======== Records provided
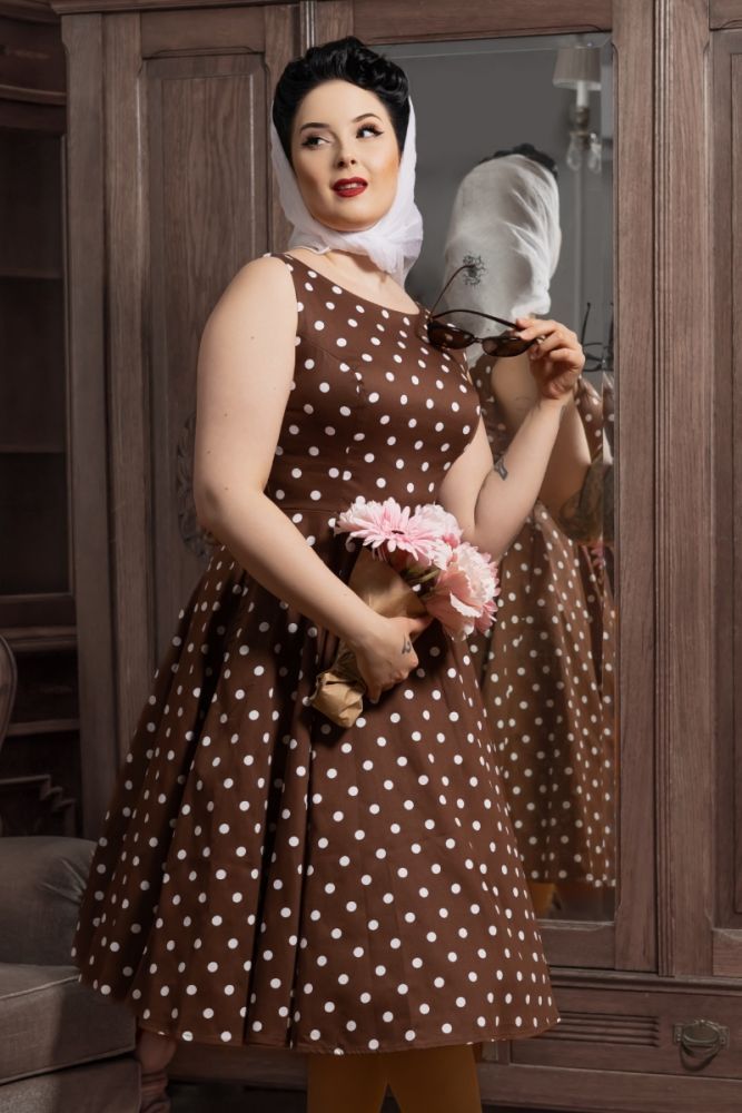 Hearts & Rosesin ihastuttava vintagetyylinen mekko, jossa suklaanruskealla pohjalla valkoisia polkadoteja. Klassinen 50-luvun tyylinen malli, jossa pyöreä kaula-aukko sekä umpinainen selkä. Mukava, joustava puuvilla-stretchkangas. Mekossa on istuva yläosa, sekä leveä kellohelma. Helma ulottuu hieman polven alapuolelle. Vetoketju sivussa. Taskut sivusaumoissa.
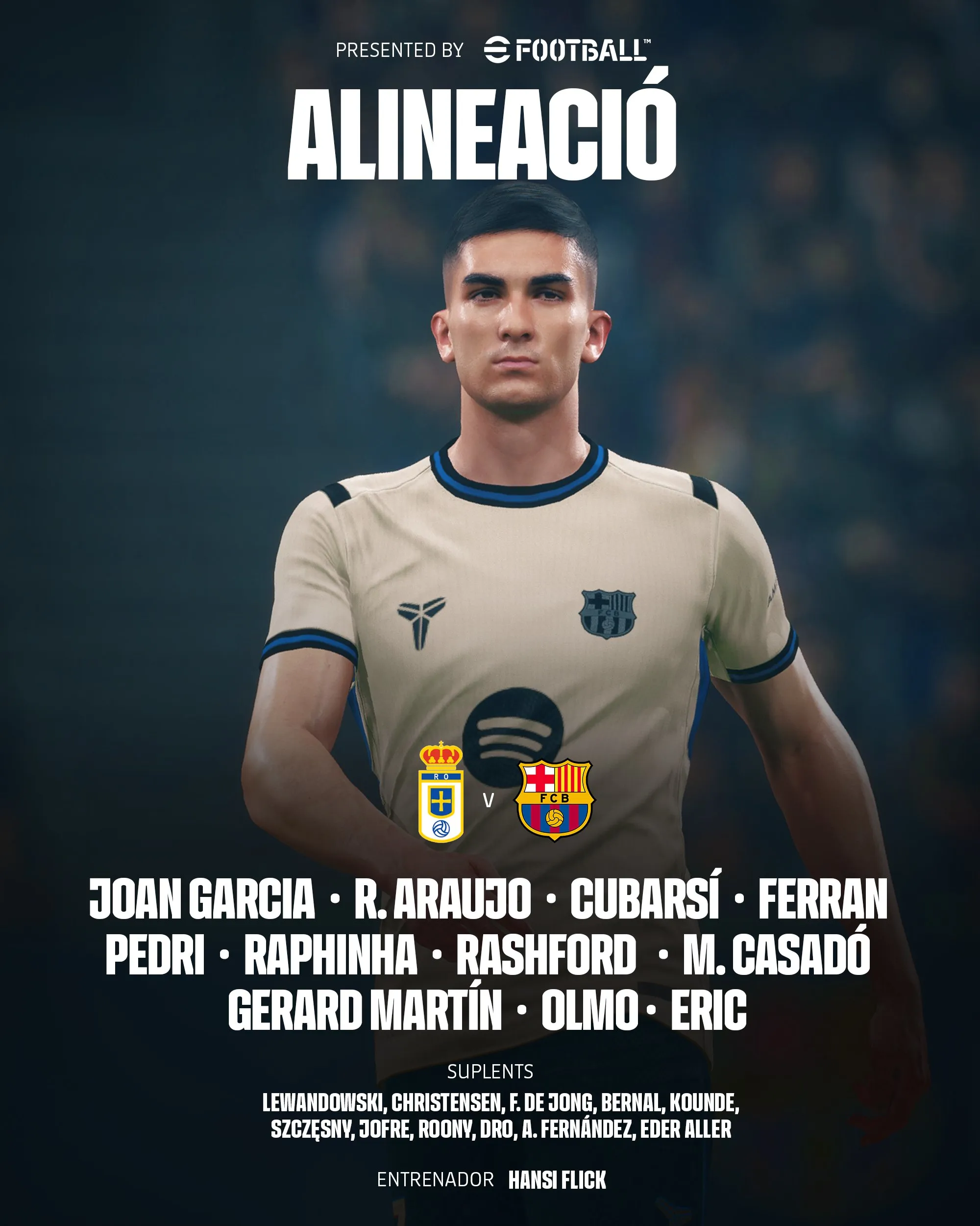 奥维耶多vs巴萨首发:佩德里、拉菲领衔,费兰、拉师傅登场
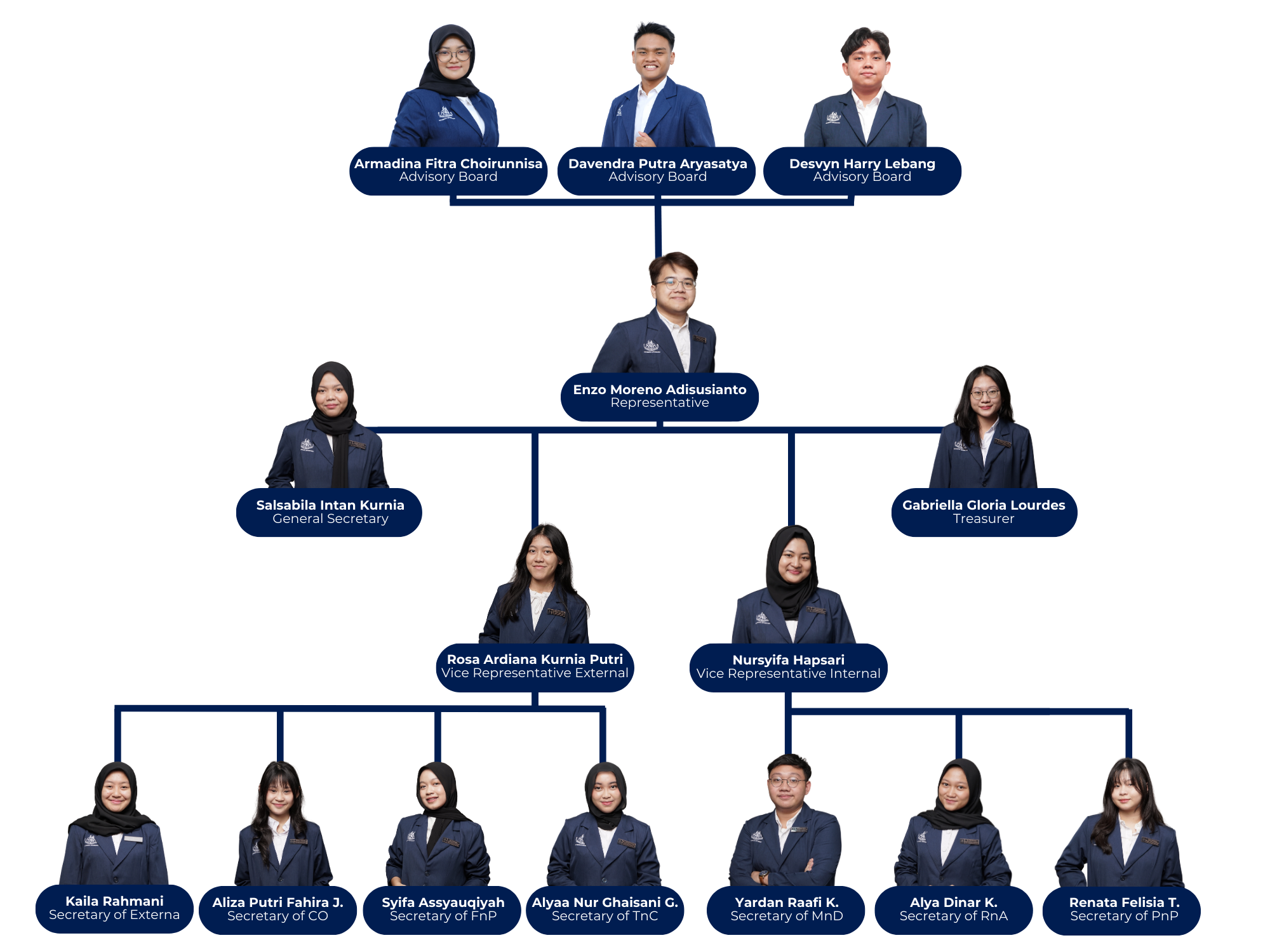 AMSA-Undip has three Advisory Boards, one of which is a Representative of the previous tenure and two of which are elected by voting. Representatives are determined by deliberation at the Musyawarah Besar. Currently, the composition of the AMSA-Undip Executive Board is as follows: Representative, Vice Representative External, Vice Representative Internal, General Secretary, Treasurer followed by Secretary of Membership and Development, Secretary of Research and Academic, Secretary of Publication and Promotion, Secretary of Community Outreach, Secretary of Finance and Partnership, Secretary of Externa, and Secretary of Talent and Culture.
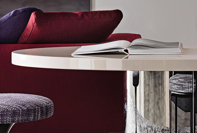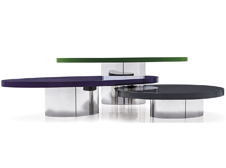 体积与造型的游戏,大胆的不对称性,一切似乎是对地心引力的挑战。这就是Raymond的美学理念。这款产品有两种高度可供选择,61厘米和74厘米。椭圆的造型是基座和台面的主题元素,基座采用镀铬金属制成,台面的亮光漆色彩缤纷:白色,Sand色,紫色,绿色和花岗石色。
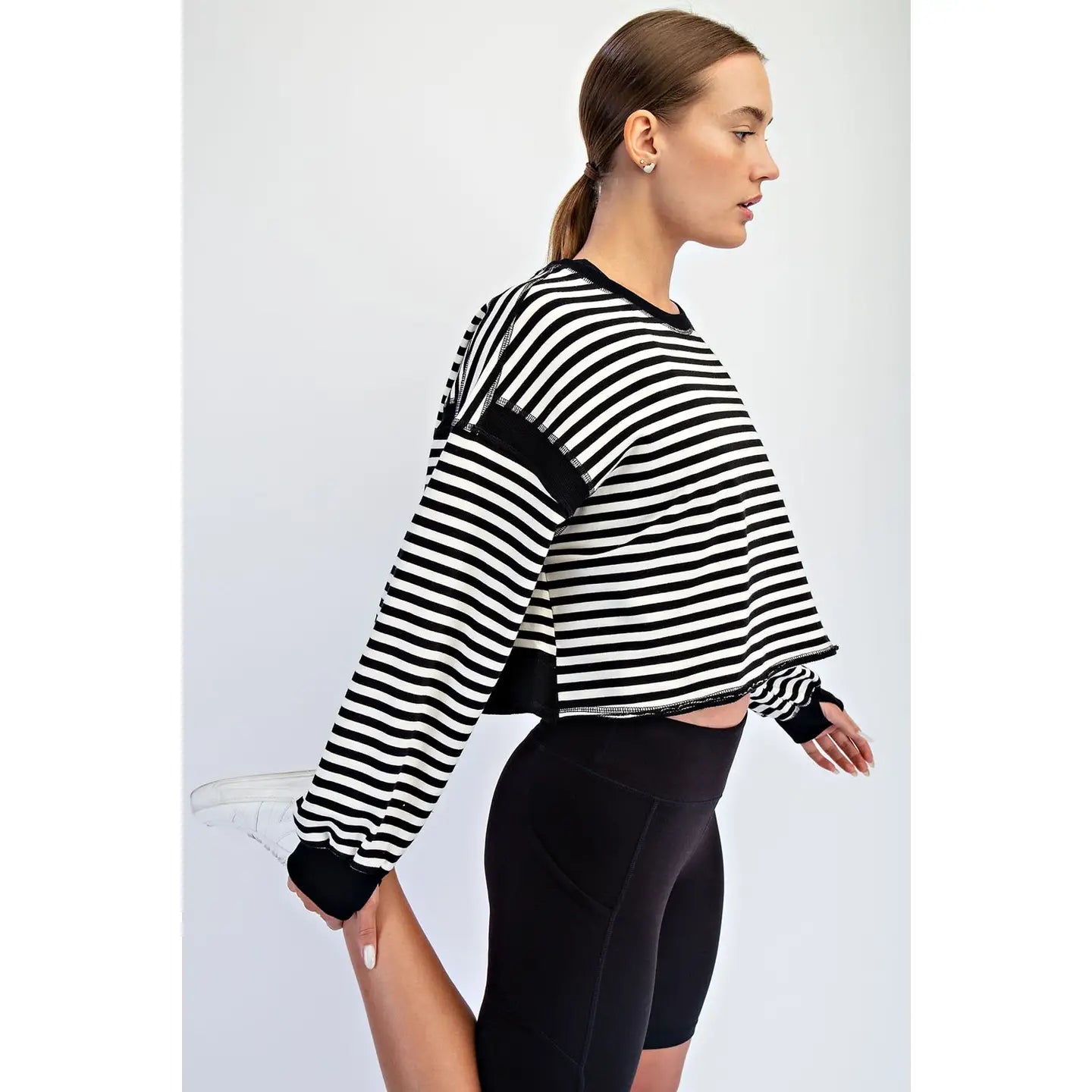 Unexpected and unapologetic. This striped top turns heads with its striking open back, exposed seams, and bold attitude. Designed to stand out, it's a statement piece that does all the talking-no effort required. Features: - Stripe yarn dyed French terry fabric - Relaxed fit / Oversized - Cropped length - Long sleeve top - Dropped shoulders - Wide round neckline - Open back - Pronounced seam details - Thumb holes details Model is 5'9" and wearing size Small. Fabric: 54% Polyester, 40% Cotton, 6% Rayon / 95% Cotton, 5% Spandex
================
*Exercise requirements:*
The images in the entries above should be left out; please reproduce exactly the lines from the first through the one containing "体积与造型的游戏,大胆的不对".

*Your response:*
 Hearts & Rosesin ihastuttava vintagetyylinen mekko, jossa suklaanruskealla pohjalla valkoisia polkadoteja. Klassinen 50-luvun tyylinen malli, jossa pyöreä kaula-aukko sekä umpinainen selkä. Mukava, joustava puuvilla-stretchkangas. Mekossa on istuva yläosa, sekä leveä kellohelma. Helma ulottuu hieman polven alapuolelle. Vetoketju sivussa. Taskut sivusaumoissa.
 奥维耶多vs巴萨首发:佩德里、拉菲领衔,费兰、拉师傅登场
 AMSA-Undip has three Advisory Boards, one of which is a Representative of the previous tenure and two of which are elected by voting. Representatives are determined by deliberation at the Musyawarah Besar. Currently, the composition of the AMSA-Undip Executive Board is as follows: Representative, Vice Representative External, Vice Representative Internal, General Secretary, Treasurer followed by Secretary of Membership and Development, Secretary of Research and Academic, Secretary of Publication and Promotion, Secretary of Community Outreach, Secretary of Finance and Partnership, Secretary of Externa, and Secretary of Talent and Culture.
 体积与造型的游戏,大胆的不对称性,一切似乎是对地心引力的挑战。这就是Raymond的美学理念。这款产品有两种高度可供选择,61厘米和74厘米。椭圆的造型是基座和台面的主题元素,基座采用镀铬金属制成,台面的亮光漆色彩缤纷:白色,Sand色,紫色,绿色和花岗石色。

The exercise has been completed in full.